Re: cgroup specific sticky resources (was: Re: [PATCH bpf-next 0/5] bpf: BPF specific memory allocator.)

Michal Hocko <mhocko@xxxxxxxx> · Wed, 20 Jul 2022 14:26:51 +0200

On Tue 19-07-22 11:46:41, Mina Almasry wrote:
[...]
> An interface like cgroup.sticky.[bpf/tmpfs/..] would work for us
> similar to tmpfs memcg= mount option. I would maybe rename it to
> cgroup.charge_for.[bpf/tmpfs/etc] or something.
> 
> With regards to OOM, my proposal on this patchset is to return ENOSPC
> to the caller if we hit the limit of the remote memcg and there is
> nothing to kill:
> https://lore.kernel.org/linux-mm/20211120045011.3074840-1-almasrymina@xxxxxxxxxx/

That would imply SIGBUS on the #PF path. Is this really the way how we
want to tell userspace that something they are not aware of like a limit
in a completely different resource domain has triggered?

> There is some precedent to doing this in the kernel. If a hugetlb
> allocation hits the hugetlb_cgroup limit, we return ENOSPC to the
> caller (and SIGBUS in the charge path). The reason there being that we
> don't support oom-kill or reclaim or swap for hugetlb pages.

Following hugetlb is not really a great idea because hugetlb has always
been quite special and its users are aware of that. The same doesn't
really apply to other resources like tmpfs.

> I think it is also reasonable to prevent removing the memcg if there
> is cgroup.charge_for.[bpf/tmpfs/etc] still alive. Currently we prevent
> removing the memcg if there are tasks attached. So we can also prevent
> removing the memcg if there are bpf/tmpfs charge sources pending.

I can imagine some way of keeping cgroups active even without tasks but
so far I haven't really seen a good way how to achieve that.
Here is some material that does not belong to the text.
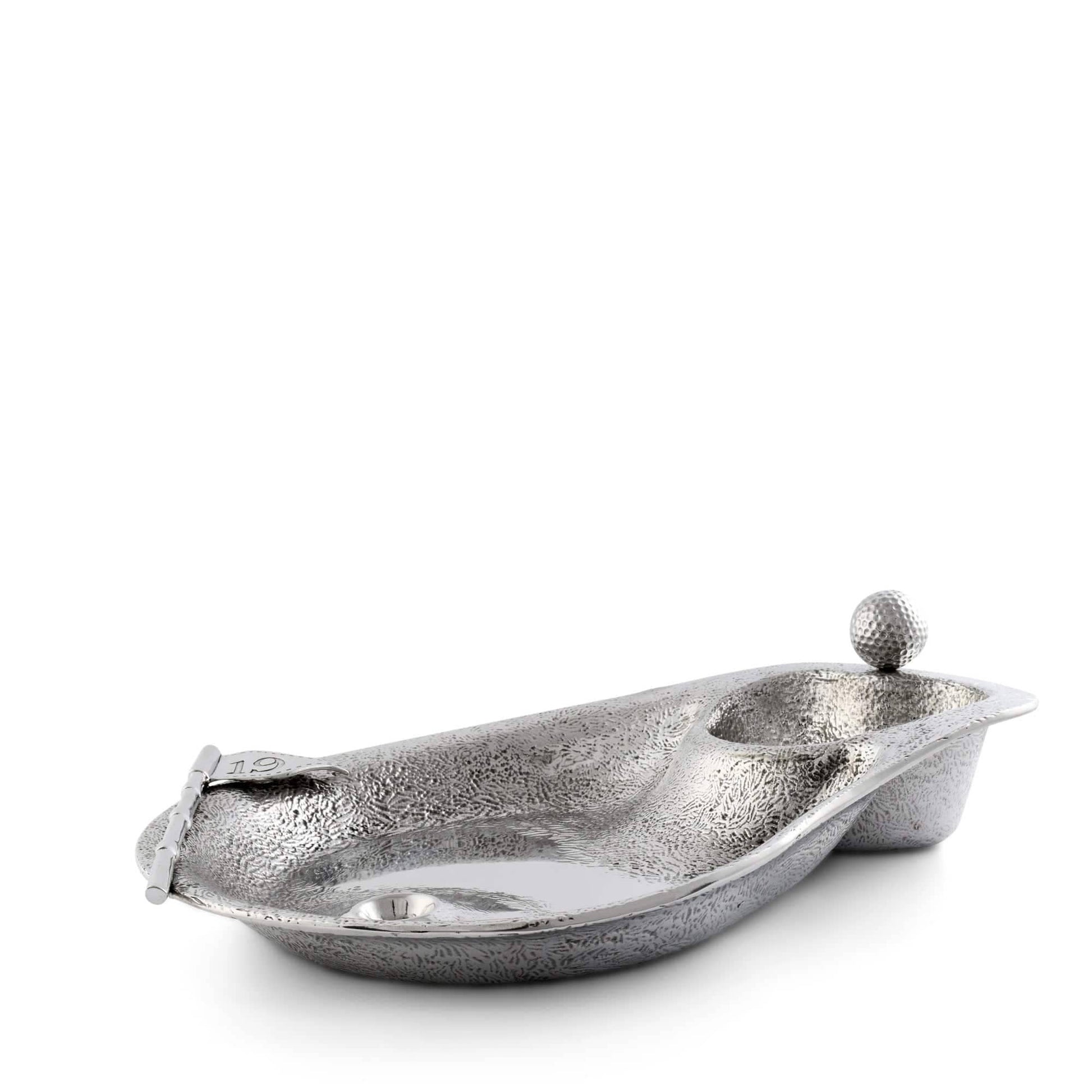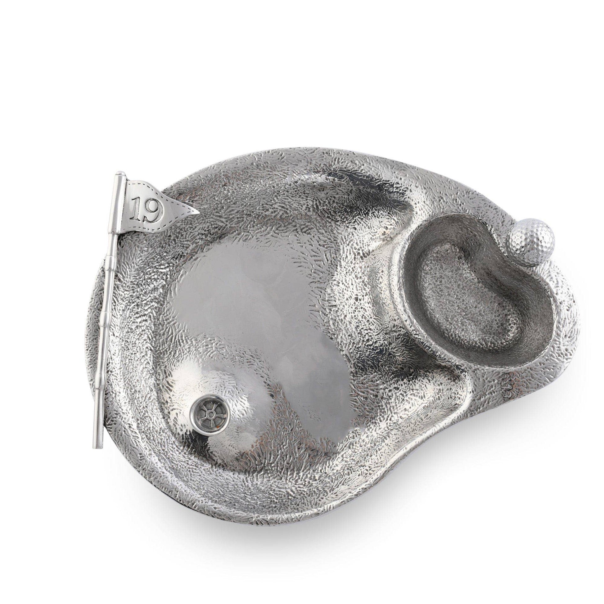 Elevate your hosting game with the Arthur Court Metal Golf Green Chip and Dip Tray, a beautifully crafted piece that blends functionality with a love for golf. Designed to mimic a golf green, this tray offers a spacious area for chips or snacks, while the cleverly integrated sand trap-shaped dip bowl adds a playful twist to your serving setup. Perfect for golf enthusiasts or anyone who enjoys unique and stylish gatherings, this metal tray is not just a serving piece but a conversation starter. Durable and perfectly sized for entertaining, it's an ideal choice for sports-themed parties, casual get-togethers, or as a charming gift for a golf lover. With this tray, you're sure to make a stylish impression at your next event.

cgroup.sticky.[bpf/tmpfs/..] interface is really weird if you ask me.
For one thing I have hard time imagine how to identify those resources.
tmpfs by path is really strange because the same mount point can be
referenced through many paths. Not the mention the path can be
remounted/redirected to anything after the configurion which would just
lead to a lot of confusion.

Exposing internal ids is also far from great. It would also put an
additional burden on the kernel implementation to ensure there is no
overlap in resources among different cgroups.  Also how many of those
sticky resources do we want to grow?

To me this have way too many red flags that it sounds like an interface
which would break really easily.

The more I think about that the more I agree with Tejun that corner
cases are just waiting to jump out at us. 
-- 
Michal Hocko
SUSE Labs